• Brief
What's needed is an exact retyping of the lines from the start of the listing up to and including the line with "The Coda Sintered", minus any pictures.

• Data provided
--- START ---

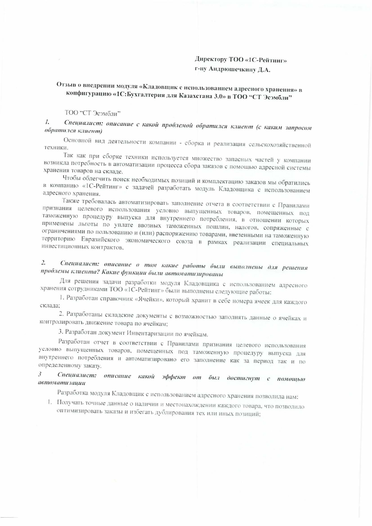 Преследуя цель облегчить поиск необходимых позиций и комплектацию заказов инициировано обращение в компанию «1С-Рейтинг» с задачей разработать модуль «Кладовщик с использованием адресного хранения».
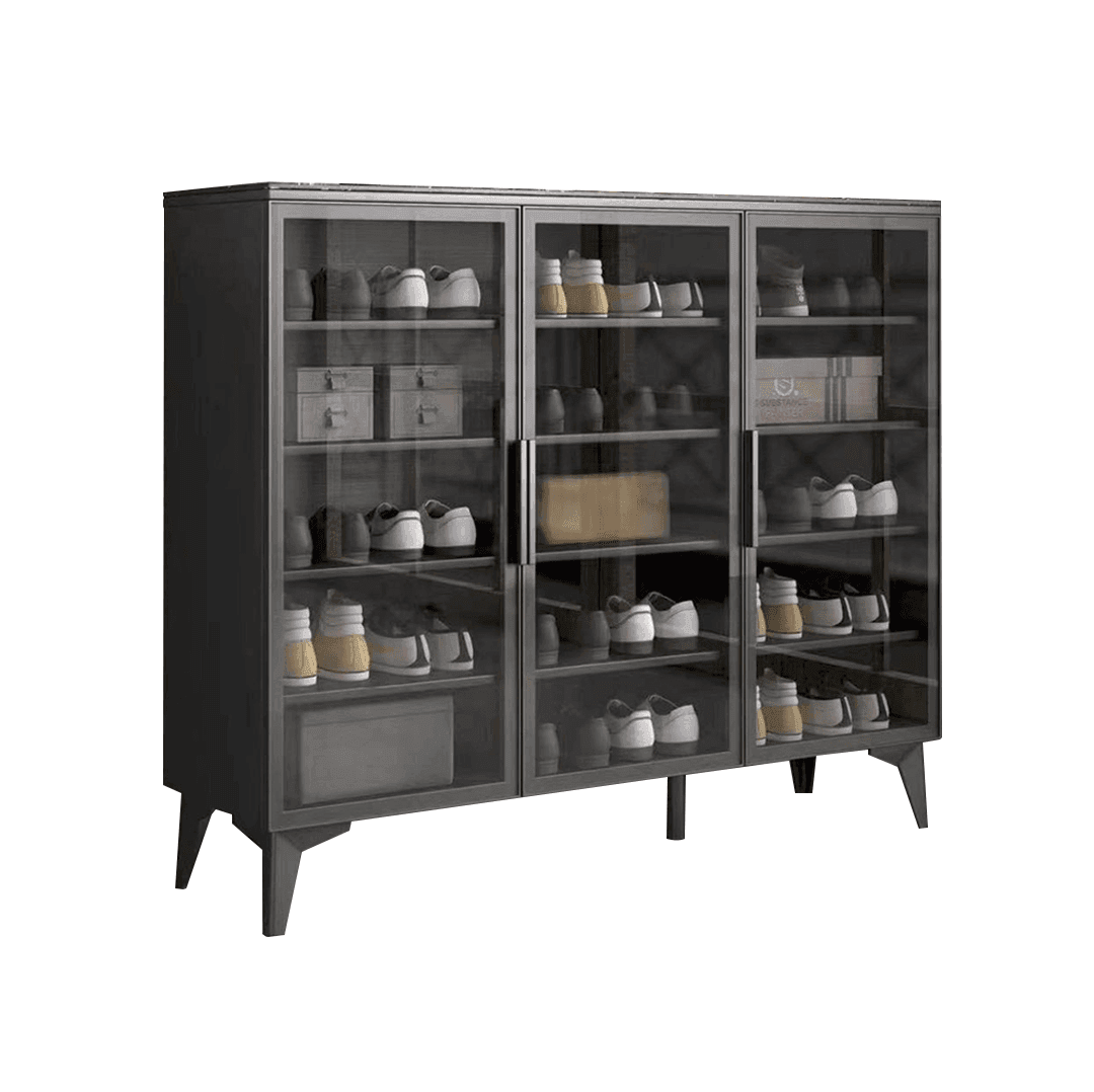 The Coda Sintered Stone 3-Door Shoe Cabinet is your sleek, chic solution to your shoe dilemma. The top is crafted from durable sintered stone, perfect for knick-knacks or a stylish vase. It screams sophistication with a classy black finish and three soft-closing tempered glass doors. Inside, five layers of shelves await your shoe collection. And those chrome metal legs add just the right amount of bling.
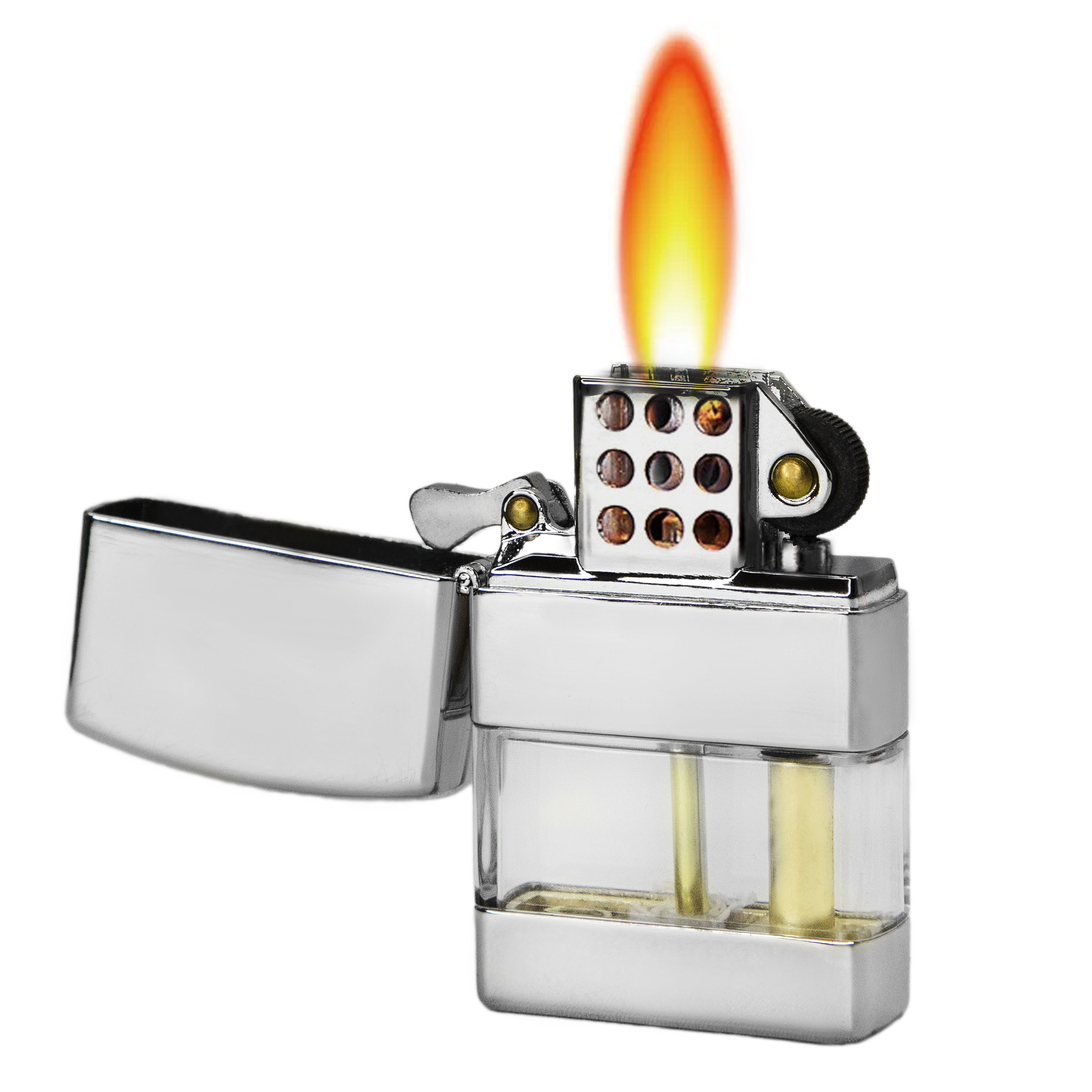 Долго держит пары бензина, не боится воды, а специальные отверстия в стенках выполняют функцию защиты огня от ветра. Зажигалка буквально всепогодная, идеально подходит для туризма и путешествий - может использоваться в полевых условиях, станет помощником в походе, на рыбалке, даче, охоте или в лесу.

--- END ---

• Problem solution
 Преследуя цель облегчить поиск необходимых позиций и комплектацию заказов инициировано обращение в компанию «1С-Рейтинг» с задачей разработать модуль «Кладовщик с использованием адресного хранения».
 The Coda Sintered Stone 3-Door Shoe Cabinet is your sleek, chic solution to your shoe dilemma. The top is crafted from durable sintered stone, perfect for knick-knacks or a stylish vase. It screams sophistication with a classy black finish and three soft-closing tempered glass doors. Inside, five layers of shelves await your shoe collection. And those chrome metal legs add just the right amount of bling.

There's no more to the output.